And if we hit run, whoa, look at that. We've nearly quadrupled our FPS yet again just by halving the resolution. Dropping it from 640 to 320 is not that much of a difference. Realistically, in most applications, you're not going to notice a difference in accuracy or really distance unless you're really, really far away from the camera. I can very happily stand at the back of the room, which is about six meters away from the camera. And we can drop it yet again. Let's go down to 160. And you can see, oh, look how smooth that is. We're hitting 100 FPS sometimes, but it's probably averaging out to be about 30, maybe 40 FPS, which is really, really quite smooth. Now for us, 320 is probably good enough, but feel free to go backwards and forwards and lower that resolution as much as you need to get your desired FPS. But just be aware that you may start to lose some accuracy and distance that you can detect things at. So tune it to your needs.

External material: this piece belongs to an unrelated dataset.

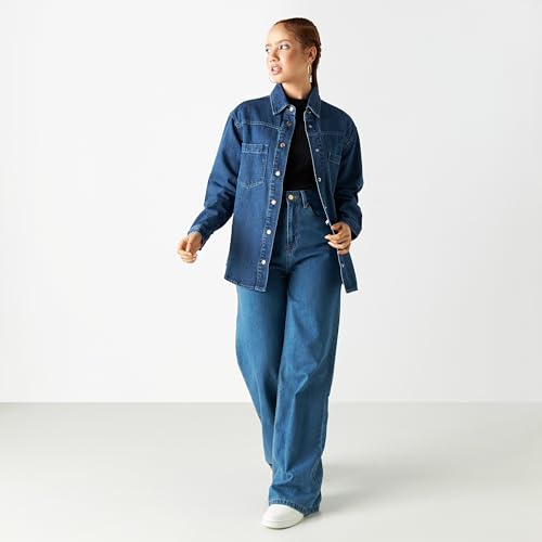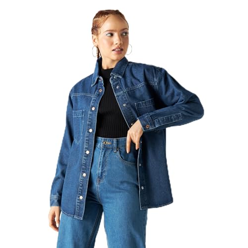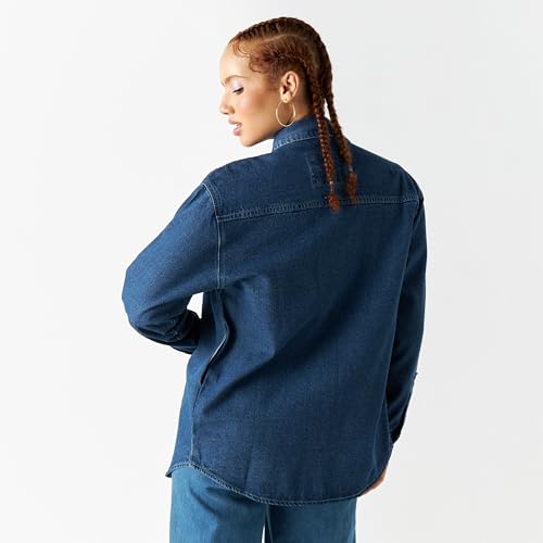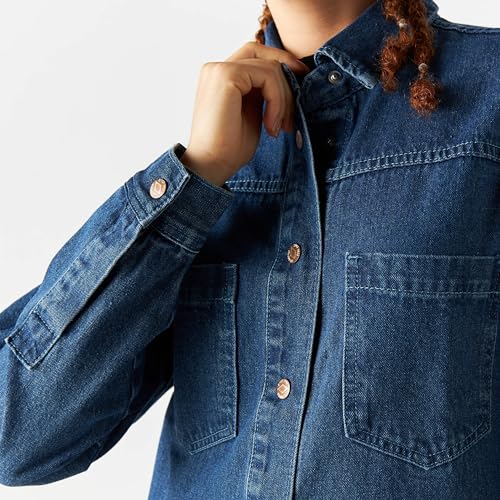 Lee Cooper - جاكيت جينز سادة بجيوب واكمام طويلة للنساء
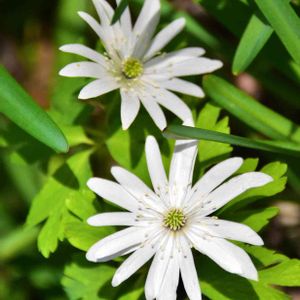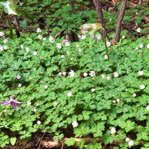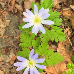 花の筑波山シリーズ🎶 全体的にはキクザキイチゲの方が多いのですが、アズマイチゲも所々にかたまって咲いています。 葉は違うけど、花はキクザキイチゲの白花とそっくりです。一番わかりやすい違いは、花の中心、雄しべの花糸の根元が濃い紫色という点ですね😆😊

Also note that that resolution needs to be a multiple of 32. So you can't set it to 100. It's not a multiple of 32, but you could set it to 96 or 128. Also, just remember to change that resolution in the demo script to match it, or you're going to run into some detection issues. Now we have pose estimation running and we can get it to a decent FPS. Let's do something with it by using those key points to achieve something. If you run the code for a few frames and then stop it with Q, we can punch in this variable called results. Result zero will get the result of the last frame. And in here is all the information coming out of the YOLO model. And there is a whole bunch of information in here, but the one we're really interested in is this key points. Now you can play around with that if you want, but we wrote another script that lets you easily get this data.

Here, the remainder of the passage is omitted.